Leibniz aventa duas hipóteses: ou bem o corpo quadrado, por exemplo, foi desde a
eternidade quadrado ou tornou-se quadrado pelo choque com outros corpos. Mas se o
corpo quadrado é quadrado desde toda a eternidade, e essa forma não é deduzida da
natureza de corpo em geral, então nenhuma razão foi dada para que ele não fosse
esférico ou triangular. A eternidade, por si mesma, não é causa de nada.
A segunda opção seria da mudança da forma de um corpo pelo choque com outros
corpos. Nesse caso, se um corpo muda a forma de outro, por qual razão ele tinha essa
primeira forma? Se for pelo choque, então por qual razão ele tinha aquela forma? Por
exemplo, se um corpo triangular tornou-se quadrado pelo choque com algum outro corpo,
então a forma triangular também tem de ser explicada pelo choque com outro corpo. Se o
corpo era esférico antes de se tornar triangular, então a esfericidade também tem que ser
:
explicada pelo choque. E assim por diante, ad infinitum.
Se os corpos são movidos por outros corpos contíguos, então cada corpo é movido pelo
anterior, e este pelo anterior, e este pelo anterior, ad infinitum. Se cada corpo possui
movimento por causa do anterior, então nenhum corpo possui o movimento
propriamente, pois o recebe sempre de seu anterior. Uma cadeia infinita de causas nada
explica.
Ora, dado que não é possível deduzir do conceito de corpo as qualidades de figura, de
grandeza e de movimento, e que não é possível que tais qualidades não tenham uma
razão, e que as alternativas aventadas foram refutadas, é necessário assumir que há
uma causa incorpórea para essas qualidades. Essa causa incorpórea é a mesma para
todas as coisas, como demonstra a harmonia do movimento dos corpos. A razão pela
qual o ser incorporal escolhe estas e não aquelas figuras e grandezas, estes ou aqueles
movimentos, não se pode explicar a não ser por sua inteligência e por sua sabedoria,
pois as coisas são manifestamente belas. Esse reitor do mundo inteiro é Deus.

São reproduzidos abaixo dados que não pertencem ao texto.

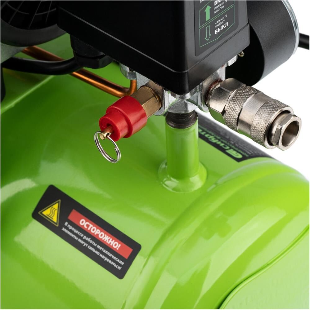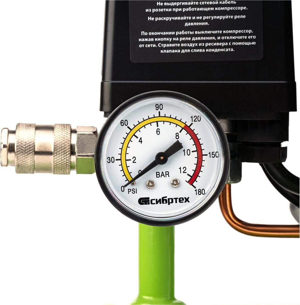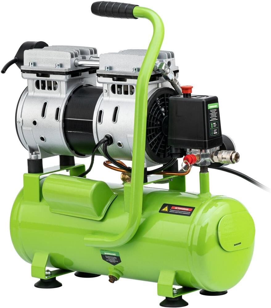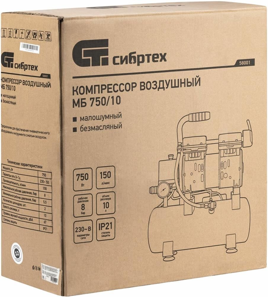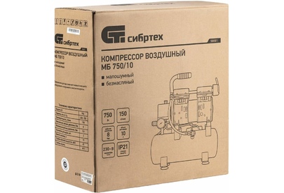 СИБРТЕХ Компрессор безмаслянный малошумный МБ 750/10,750 Вт, 10 л, 150 л/мин 58001
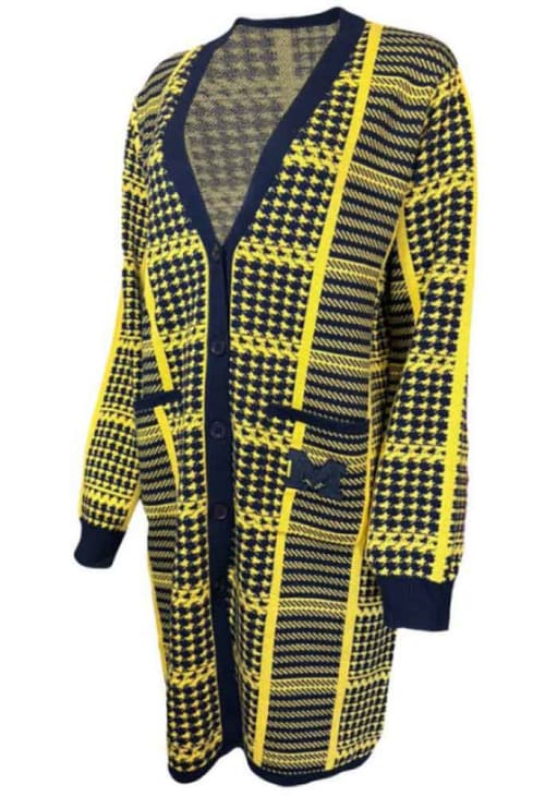 Gear up for the ultimate game day experience with the incredible Michigan Wolverines Womens Blue Poplar Cardigan! This Wolverines Long Sleeve Top features a embroidered team logo on left chest. Stay cozy and comfortable throughout the game with this high-quality Womens Michigan Wolverines Cardigan.
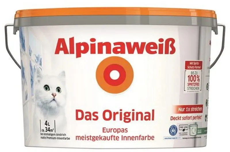 lieferbar-in 4-5 Werktagen bei dirAlpina Wand- und Deckenfarbe Alpinaweiß Das Original 4 Liter weiß
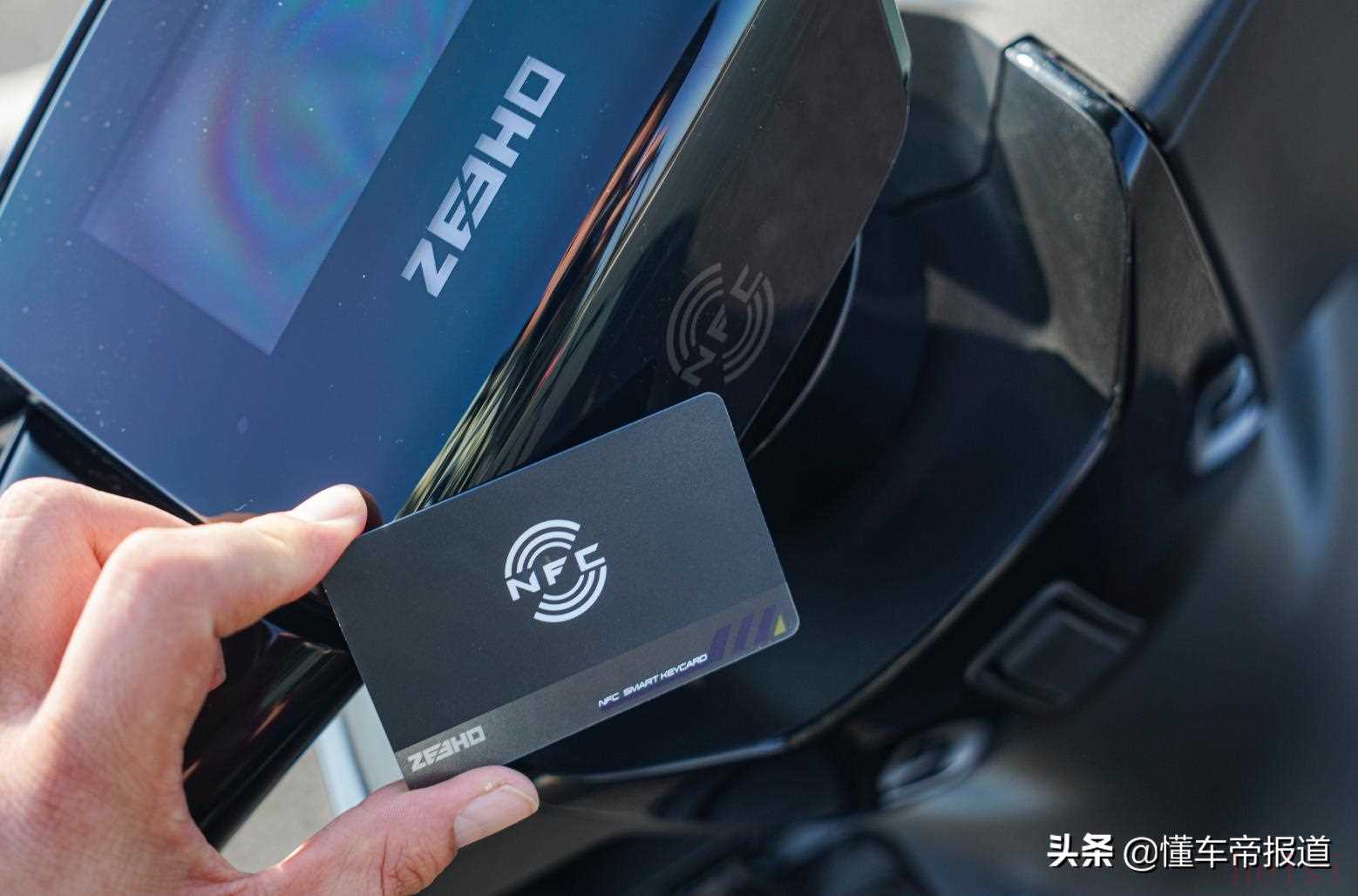 新車支持NFC卡片感應啟動,不再需要擰鑰匙的動作,掏出卡片即可完成解鎖、啟動。此外,還可以使用App遠程解鎖和手機藍牙近場解鎖,便利程度很高。
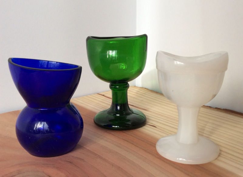 Title (ebay affiliate link): Lot of 3 Vintage Eye Wash Cups - White Milk Glass, Green & Colbalt
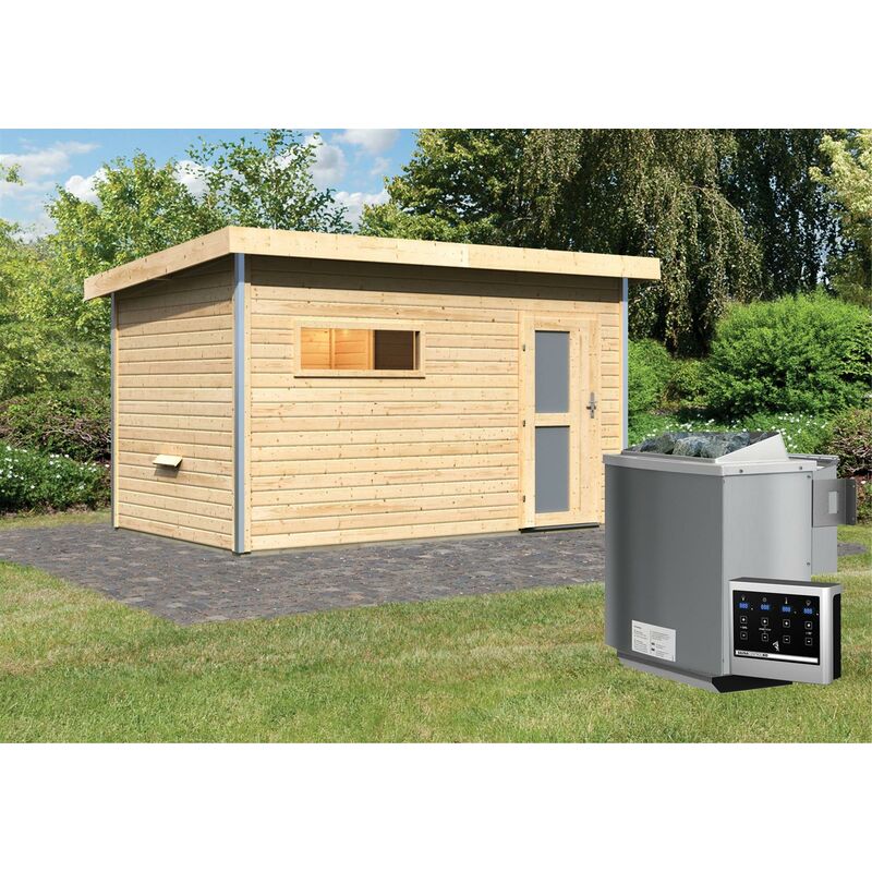 in GartensaunenKaribu Saunahaus Skrollan 3 mit Milchglastür Set Ofen 9 kW Bioexterne Steuerung easy
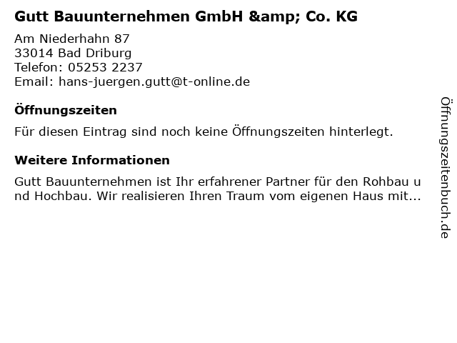 | Gutt Bauunternehmen GmbH & Co. KG anrufen | |
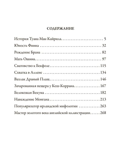 This edition includes ten Irish myths, revised and recorded by the original Irish writer James Stevens. In his talented presentation, these ancient legends acquired an original style and became rich in vivid metaphors. It is still interesting to get acquainted with the folklore of Ireland through these texts by Stevens. They are translated from English by S. Y. Afonkin. At the end of the book there is a biography of Stevens and a short essay on the work of the famous British artist Arthur Rackham, whose drawings adorn this edition.
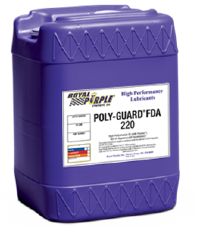 Poly-Guard használata ajánlott, kompresszorok, szivattyúk, hajtóművek, csapágyak és szinte minden más élelmiszer-feldolgozó és gyógyszeripari üzemek olajt igénylő berendezéseikhez.Poly-Guard FDA – egy kiváló, kopásgátló, hosszú élettartamú, szintetikus kenőanyag, amely USDA H-1 jóváhagyással rendelkezik, és megfelel az FDA Title 21 CFR § 178,3620 (b) a tisztasági követelménynek.Poly-Guard FDA a Royal Purple saját fejlesztésű Purolec ® adalék technológiat alkalmazza, amely bizonyítottan csökkenti a kopást, és folyamatosan tisztán tartja berendezéseket, amely lehetővé teszi a lényegesen hosszabb olajcsere időtartamot.

Do ser do qual alguma ação é o pensamento, alguma ação é uma coisa imediatamente
sensível sem imaginação de partes;
O pensamento, assevera Leibniz, é uma coisa sensível sem imaginação de partes. Eis
um ponto que necessita de comentário. Por experiência, sabemos que pensamos quando
pensamos. O pensamento, diz o filósofo, é justamente esse je ne sais quoi que sentimos
quando sentimos que pensamos. O pensar, portanto, é imediatamente acompanhado de
um "sentimento" de que estamos pensando, pouco importa o conteúdo do pensamento.
Esse sentir não tem partes, é completamente uno.
Isso do qual alguma ação é uma coisa imediatamente sensível sem imaginação de
partes, possui alguma ação que é uma coisa sem partes;
Cumpre comentar esta última premissa. Se a ação de pensar não tem imaginação de
partes, como ficou estabelecido nas duas primeiras premissas, então aquilo que pensa
possui uma ação que não possui partes. O ato de pensar é completamente uno, sem
partes. O que tem partes é o conteúdo do pensamento, como Titius. Se é assim, então
aquilo que pensa possui nele mesmo a capacidade de uma ação completamente una,
sem nenhuma parte. A atenção fixada no personagem histórico Marcus Titius é uma ação
completamente una e sem partes.
Prossegue Leibniz:
Isso do qual alguma ação é uma coisa sem partes, tem alguma ação que não é um
movimento;
A ação de pensar é una, não pode ser movimento, pois o movimento exige partes.
A dissolução só existe naquilo que tem partes. Dissolver é desfazer a união das partes de
um todo. Aquilo que não é móvel não tem partes. É, portanto, indissolúvel.
:
Isso que é indissolúvel é incorruptível.